### WHAT IS REQUIRED
Copy out exactly the stretch of the listing below that begins at the line containing "Apartamento com medidas" and ends at the line containing "Pininfarina PIUMA - вечная", and copy nothing outside it.

### MATERIAL FOR THIS EXERCISE
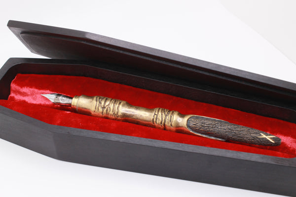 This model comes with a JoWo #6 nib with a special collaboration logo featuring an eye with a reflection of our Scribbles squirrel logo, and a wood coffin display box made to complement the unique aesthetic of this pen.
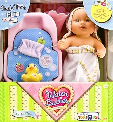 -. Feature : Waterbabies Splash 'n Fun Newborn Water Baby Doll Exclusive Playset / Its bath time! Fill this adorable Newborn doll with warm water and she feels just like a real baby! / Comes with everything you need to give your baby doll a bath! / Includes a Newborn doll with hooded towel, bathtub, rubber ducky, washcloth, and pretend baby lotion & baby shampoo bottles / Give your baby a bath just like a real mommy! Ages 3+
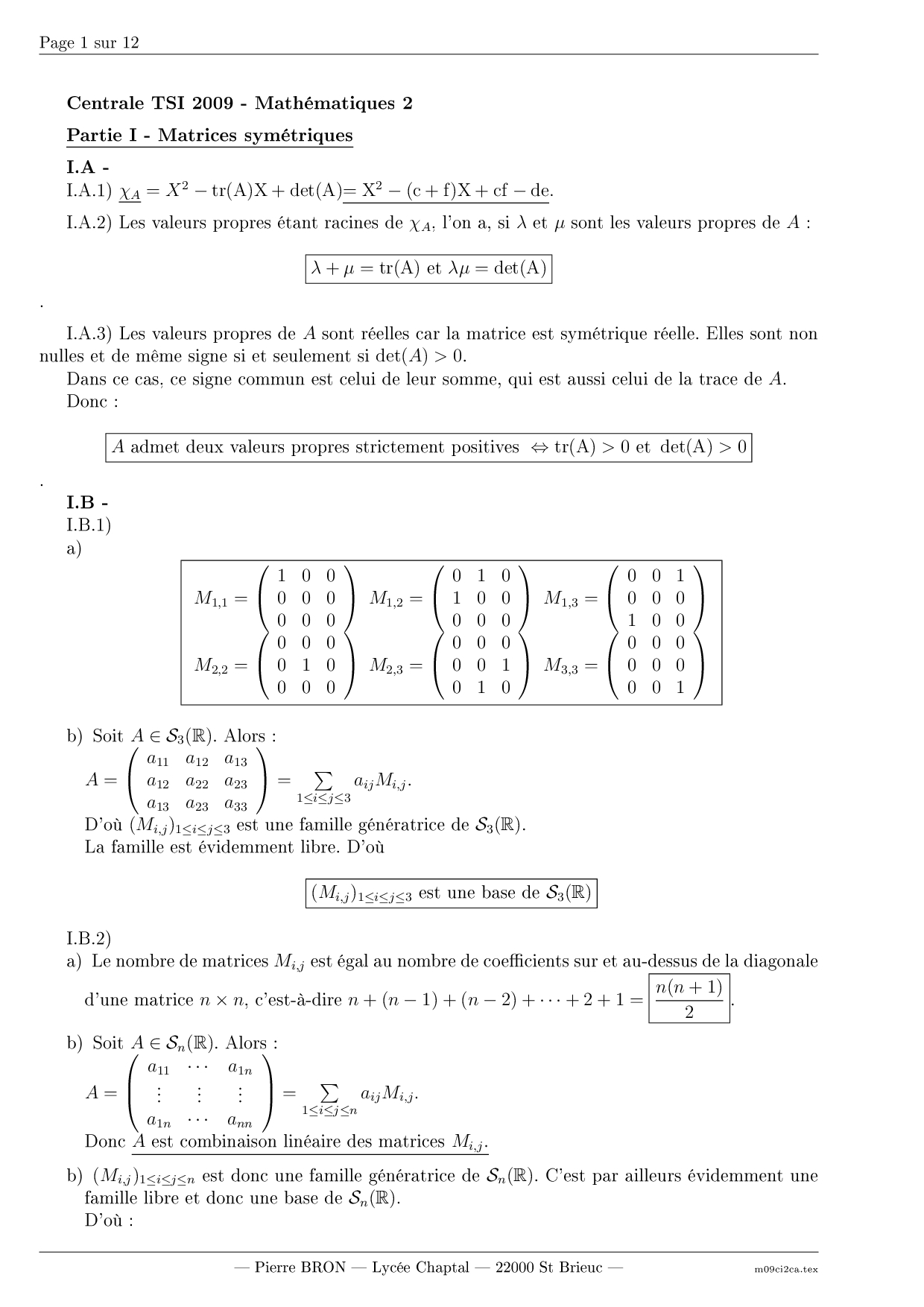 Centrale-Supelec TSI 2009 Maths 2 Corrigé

==

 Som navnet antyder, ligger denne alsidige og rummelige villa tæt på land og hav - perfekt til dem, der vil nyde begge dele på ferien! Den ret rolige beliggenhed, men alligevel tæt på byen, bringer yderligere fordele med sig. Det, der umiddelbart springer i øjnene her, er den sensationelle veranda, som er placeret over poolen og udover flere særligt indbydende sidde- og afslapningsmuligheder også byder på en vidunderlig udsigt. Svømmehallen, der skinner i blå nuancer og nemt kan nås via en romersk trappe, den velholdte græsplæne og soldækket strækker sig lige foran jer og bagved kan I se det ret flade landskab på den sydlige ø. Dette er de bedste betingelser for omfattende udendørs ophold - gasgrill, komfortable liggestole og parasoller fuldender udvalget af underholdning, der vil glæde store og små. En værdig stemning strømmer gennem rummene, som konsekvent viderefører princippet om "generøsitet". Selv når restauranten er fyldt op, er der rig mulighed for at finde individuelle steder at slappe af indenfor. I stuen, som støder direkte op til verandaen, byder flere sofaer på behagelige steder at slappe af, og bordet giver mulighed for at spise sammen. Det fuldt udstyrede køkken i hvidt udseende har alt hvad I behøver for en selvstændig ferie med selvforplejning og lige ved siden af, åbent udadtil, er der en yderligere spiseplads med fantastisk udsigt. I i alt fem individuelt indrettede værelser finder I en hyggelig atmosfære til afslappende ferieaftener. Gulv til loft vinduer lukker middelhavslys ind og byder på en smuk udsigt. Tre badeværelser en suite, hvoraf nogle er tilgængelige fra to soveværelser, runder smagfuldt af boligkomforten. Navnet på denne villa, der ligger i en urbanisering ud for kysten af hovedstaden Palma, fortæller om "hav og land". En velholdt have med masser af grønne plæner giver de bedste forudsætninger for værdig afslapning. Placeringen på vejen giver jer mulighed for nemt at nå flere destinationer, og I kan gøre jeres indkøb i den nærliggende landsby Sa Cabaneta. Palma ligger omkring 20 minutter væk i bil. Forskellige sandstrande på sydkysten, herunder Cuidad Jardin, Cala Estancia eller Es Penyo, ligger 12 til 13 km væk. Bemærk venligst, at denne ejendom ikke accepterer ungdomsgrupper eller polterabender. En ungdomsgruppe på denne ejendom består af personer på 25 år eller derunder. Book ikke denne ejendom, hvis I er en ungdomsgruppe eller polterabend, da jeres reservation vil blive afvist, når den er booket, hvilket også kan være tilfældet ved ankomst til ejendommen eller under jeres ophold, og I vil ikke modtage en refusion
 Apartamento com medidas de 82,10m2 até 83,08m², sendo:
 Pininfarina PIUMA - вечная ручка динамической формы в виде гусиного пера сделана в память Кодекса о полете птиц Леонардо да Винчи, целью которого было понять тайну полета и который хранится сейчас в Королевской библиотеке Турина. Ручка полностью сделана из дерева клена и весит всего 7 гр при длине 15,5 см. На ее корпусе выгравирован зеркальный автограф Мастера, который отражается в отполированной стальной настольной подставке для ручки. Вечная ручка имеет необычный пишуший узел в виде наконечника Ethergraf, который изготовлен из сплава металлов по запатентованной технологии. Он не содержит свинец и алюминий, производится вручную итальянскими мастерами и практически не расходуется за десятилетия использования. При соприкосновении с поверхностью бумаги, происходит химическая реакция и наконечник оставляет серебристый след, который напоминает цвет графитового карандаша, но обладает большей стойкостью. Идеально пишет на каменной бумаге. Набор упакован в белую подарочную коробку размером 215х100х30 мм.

---

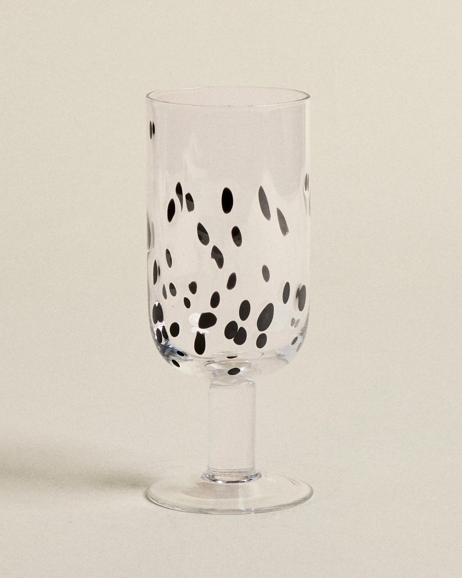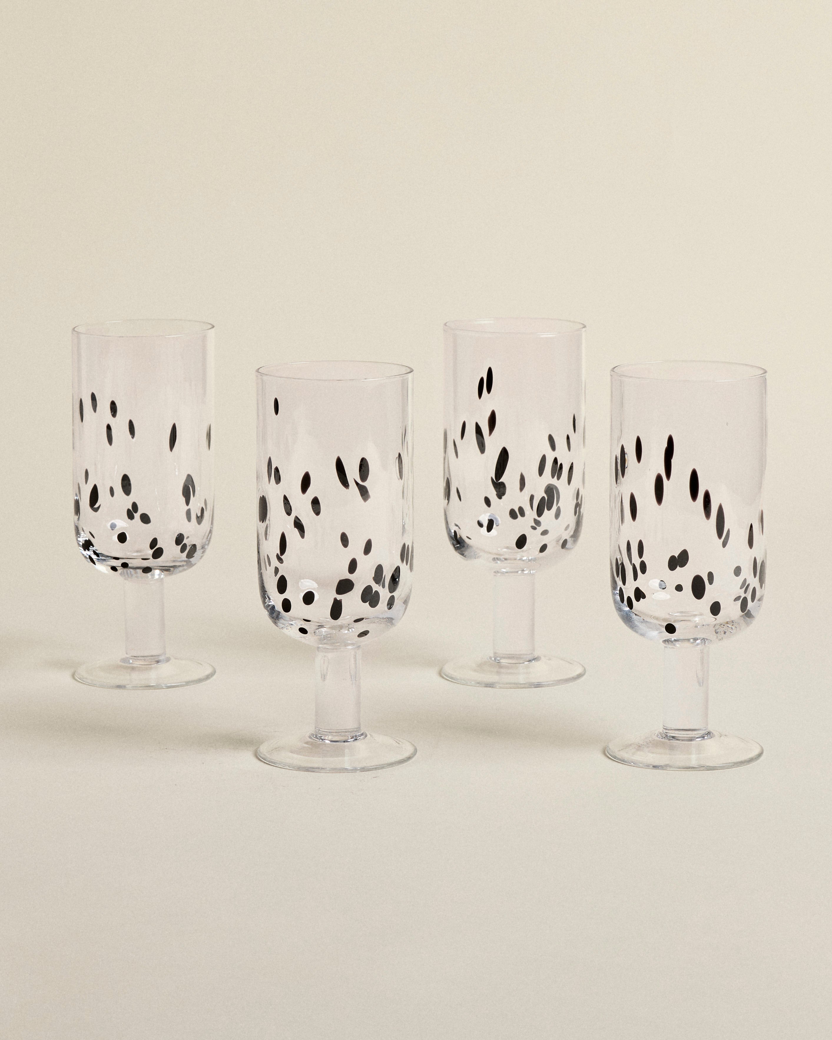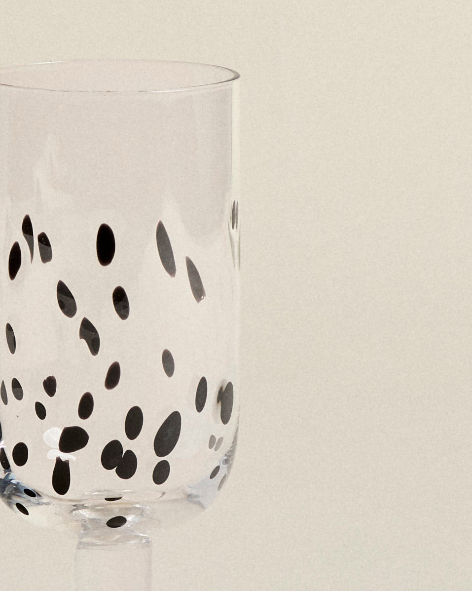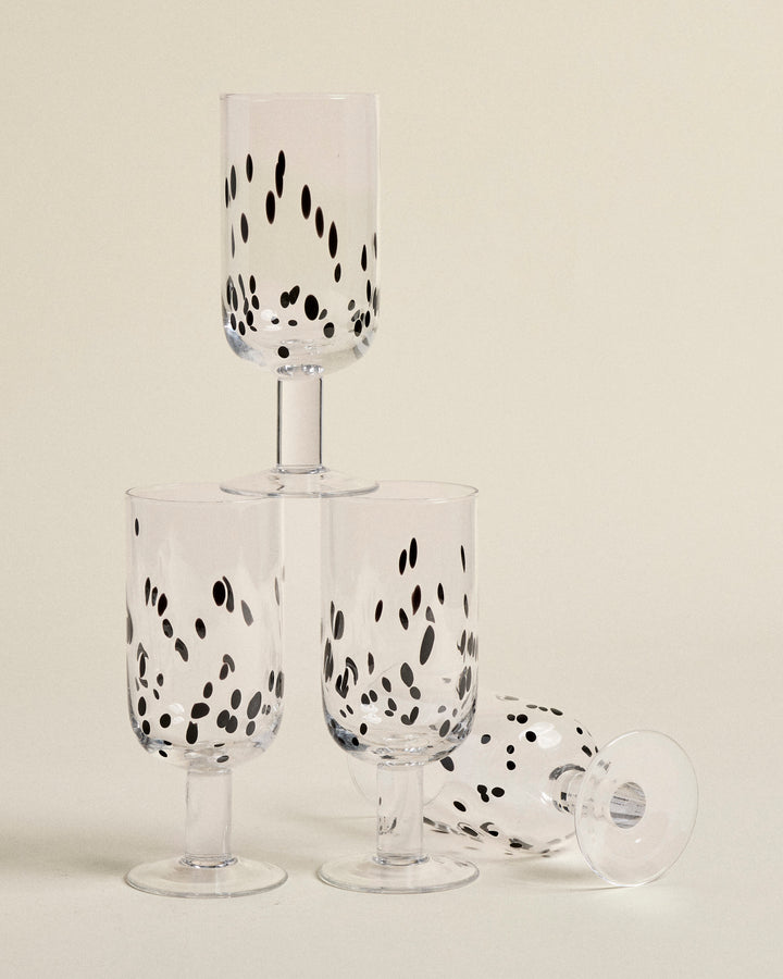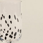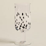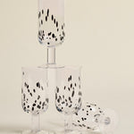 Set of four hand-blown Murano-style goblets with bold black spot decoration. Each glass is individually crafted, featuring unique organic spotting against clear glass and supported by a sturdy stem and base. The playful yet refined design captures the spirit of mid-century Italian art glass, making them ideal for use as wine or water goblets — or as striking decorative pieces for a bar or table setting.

### RESULT OF THE EXERCISE
 Apartamento com medidas de 82,10m2 até 83,08m², sendo:
 Pininfarina PIUMA - вечная ручка динамической формы в виде гусиного пера сделана в память Кодекса о полете птиц Леонардо да Винчи, целью которого было понять тайну полета и который хранится сейчас в Королевской библиотеке Турина. Ручка полностью сделана из дерева клена и весит всего 7 гр при длине 15,5 см. На ее корпусе выгравирован зеркальный автограф Мастера, который отражается в отполированной стальной настольной подставке для ручки. Вечная ручка имеет необычный пишуший узел в виде наконечника Ethergraf, который изготовлен из сплава металлов по запатентованной технологии. Он не содержит свинец и алюминий, производится вручную итальянскими мастерами и практически не расходуется за десятилетия использования. При соприкосновении с поверхностью бумаги, происходит химическая реакция и наконечник оставляет серебристый след, который напоминает цвет графитового карандаша, но обладает большей стойкостью. Идеально пишет на каменной бумаге. Набор упакован в белую подарочную коробку размером 215х100х30 мм.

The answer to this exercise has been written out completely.